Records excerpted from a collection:
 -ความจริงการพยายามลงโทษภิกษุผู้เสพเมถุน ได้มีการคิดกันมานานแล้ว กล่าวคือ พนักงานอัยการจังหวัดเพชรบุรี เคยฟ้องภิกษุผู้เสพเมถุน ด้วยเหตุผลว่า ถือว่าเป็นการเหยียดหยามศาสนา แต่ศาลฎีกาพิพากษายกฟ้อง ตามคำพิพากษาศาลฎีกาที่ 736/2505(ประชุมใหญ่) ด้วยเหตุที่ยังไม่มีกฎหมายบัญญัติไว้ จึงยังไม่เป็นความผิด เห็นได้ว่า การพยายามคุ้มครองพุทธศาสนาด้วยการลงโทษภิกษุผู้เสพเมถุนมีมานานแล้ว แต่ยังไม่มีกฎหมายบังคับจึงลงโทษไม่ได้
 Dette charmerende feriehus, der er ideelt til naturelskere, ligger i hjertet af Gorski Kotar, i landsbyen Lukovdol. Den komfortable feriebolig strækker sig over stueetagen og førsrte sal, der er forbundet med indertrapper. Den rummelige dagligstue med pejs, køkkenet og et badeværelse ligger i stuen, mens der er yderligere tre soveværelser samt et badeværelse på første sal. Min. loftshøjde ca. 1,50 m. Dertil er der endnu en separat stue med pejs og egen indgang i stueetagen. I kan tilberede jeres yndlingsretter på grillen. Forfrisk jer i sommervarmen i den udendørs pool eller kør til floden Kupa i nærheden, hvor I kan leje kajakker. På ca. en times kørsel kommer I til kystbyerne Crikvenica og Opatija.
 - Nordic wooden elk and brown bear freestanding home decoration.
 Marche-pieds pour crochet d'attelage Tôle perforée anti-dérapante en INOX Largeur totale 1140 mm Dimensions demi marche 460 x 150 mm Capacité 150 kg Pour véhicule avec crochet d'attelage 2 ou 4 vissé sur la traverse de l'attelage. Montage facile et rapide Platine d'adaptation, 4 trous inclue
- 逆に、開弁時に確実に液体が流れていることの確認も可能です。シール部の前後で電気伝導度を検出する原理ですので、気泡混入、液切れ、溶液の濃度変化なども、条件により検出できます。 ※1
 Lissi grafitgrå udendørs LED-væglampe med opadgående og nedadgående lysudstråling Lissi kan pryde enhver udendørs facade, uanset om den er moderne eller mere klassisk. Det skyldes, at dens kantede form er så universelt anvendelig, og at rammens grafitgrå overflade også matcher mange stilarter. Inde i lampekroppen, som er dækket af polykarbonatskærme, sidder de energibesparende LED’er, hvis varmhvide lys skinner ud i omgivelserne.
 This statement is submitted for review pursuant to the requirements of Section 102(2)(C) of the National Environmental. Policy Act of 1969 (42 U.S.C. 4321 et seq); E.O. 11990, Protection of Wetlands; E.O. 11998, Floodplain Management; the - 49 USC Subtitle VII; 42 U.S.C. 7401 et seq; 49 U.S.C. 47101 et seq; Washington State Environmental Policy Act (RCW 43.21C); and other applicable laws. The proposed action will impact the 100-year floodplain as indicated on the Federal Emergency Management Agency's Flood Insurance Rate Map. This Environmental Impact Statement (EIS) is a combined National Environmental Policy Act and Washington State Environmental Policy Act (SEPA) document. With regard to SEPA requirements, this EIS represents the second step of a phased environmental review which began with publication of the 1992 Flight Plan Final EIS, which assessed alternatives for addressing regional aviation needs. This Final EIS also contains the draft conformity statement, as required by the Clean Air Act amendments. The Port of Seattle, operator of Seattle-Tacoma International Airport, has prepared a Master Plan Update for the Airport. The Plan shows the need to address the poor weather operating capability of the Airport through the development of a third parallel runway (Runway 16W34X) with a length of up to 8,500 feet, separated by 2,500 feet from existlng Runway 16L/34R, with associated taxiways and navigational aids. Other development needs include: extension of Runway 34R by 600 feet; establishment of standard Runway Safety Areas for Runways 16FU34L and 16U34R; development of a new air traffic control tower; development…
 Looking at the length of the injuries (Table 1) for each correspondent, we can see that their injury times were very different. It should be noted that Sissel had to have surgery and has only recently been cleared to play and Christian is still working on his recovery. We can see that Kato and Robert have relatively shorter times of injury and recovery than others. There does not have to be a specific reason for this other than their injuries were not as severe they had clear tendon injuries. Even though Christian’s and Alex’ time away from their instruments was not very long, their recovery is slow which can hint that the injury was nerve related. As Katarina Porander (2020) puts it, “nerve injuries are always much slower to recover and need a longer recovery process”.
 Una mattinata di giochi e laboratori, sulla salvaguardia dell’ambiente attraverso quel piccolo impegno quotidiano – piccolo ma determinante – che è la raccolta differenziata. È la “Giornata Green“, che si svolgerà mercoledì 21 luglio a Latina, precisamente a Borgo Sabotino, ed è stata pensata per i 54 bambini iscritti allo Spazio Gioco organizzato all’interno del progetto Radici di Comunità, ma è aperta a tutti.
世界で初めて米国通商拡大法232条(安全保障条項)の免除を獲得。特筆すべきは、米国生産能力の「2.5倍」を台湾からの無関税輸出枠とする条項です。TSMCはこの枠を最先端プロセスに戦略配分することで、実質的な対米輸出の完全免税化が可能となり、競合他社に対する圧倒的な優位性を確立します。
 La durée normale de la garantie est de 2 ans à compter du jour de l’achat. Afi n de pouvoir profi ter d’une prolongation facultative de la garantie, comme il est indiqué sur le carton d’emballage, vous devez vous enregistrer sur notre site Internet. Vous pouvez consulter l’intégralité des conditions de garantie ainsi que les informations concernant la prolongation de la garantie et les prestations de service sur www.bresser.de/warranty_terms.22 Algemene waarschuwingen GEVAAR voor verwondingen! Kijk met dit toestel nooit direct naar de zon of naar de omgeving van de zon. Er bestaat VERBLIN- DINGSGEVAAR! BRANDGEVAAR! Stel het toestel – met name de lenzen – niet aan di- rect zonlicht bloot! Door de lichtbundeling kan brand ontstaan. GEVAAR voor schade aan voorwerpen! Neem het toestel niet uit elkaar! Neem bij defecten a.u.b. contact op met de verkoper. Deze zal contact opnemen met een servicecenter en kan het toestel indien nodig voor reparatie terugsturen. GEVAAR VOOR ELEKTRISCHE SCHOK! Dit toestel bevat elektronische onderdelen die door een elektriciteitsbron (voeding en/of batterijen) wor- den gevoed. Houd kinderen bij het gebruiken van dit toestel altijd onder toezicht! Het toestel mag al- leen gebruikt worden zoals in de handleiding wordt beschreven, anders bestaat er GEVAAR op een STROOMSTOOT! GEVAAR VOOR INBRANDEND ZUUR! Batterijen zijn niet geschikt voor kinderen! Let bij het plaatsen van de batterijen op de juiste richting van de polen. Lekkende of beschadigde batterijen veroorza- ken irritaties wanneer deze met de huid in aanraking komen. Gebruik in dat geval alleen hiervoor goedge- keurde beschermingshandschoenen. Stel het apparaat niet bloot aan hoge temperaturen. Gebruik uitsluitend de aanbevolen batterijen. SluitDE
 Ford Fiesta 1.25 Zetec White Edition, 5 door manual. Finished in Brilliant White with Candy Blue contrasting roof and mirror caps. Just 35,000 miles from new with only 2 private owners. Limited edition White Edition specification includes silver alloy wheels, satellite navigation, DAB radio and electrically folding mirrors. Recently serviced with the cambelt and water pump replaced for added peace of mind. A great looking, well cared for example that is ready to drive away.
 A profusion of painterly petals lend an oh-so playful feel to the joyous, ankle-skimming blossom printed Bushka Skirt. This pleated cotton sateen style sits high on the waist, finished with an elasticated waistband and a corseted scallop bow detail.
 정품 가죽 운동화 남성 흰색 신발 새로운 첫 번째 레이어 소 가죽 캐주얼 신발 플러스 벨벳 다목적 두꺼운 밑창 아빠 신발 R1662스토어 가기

— Problem to solve —
Starting with the line with "Looking at the" above and going on through the line with "Una mattinata di", transcribe every line exactly, both ends included, and add nothing.

— Response area —
 Looking at the length of the injuries (Table 1) for each correspondent, we can see that their injury times were very different. It should be noted that Sissel had to have surgery and has only recently been cleared to play and Christian is still working on his recovery. We can see that Kato and Robert have relatively shorter times of injury and recovery than others. There does not have to be a specific reason for this other than their injuries were not as severe they had clear tendon injuries. Even though Christian’s and Alex’ time away from their instruments was not very long, their recovery is slow which can hint that the injury was nerve related. As Katarina Porander (2020) puts it, “nerve injuries are always much slower to recover and need a longer recovery process”.
 Una mattinata di giochi e laboratori, sulla salvaguardia dell’ambiente attraverso quel piccolo impegno quotidiano – piccolo ma determinante – che è la raccolta differenziata. È la “Giornata Green“, che si svolgerà mercoledì 21 luglio a Latina, precisamente a Borgo Sabotino, ed è stata pensata per i 54 bambini iscritti allo Spazio Gioco organizzato all’interno del progetto Radici di Comunità, ma è aperta a tutti.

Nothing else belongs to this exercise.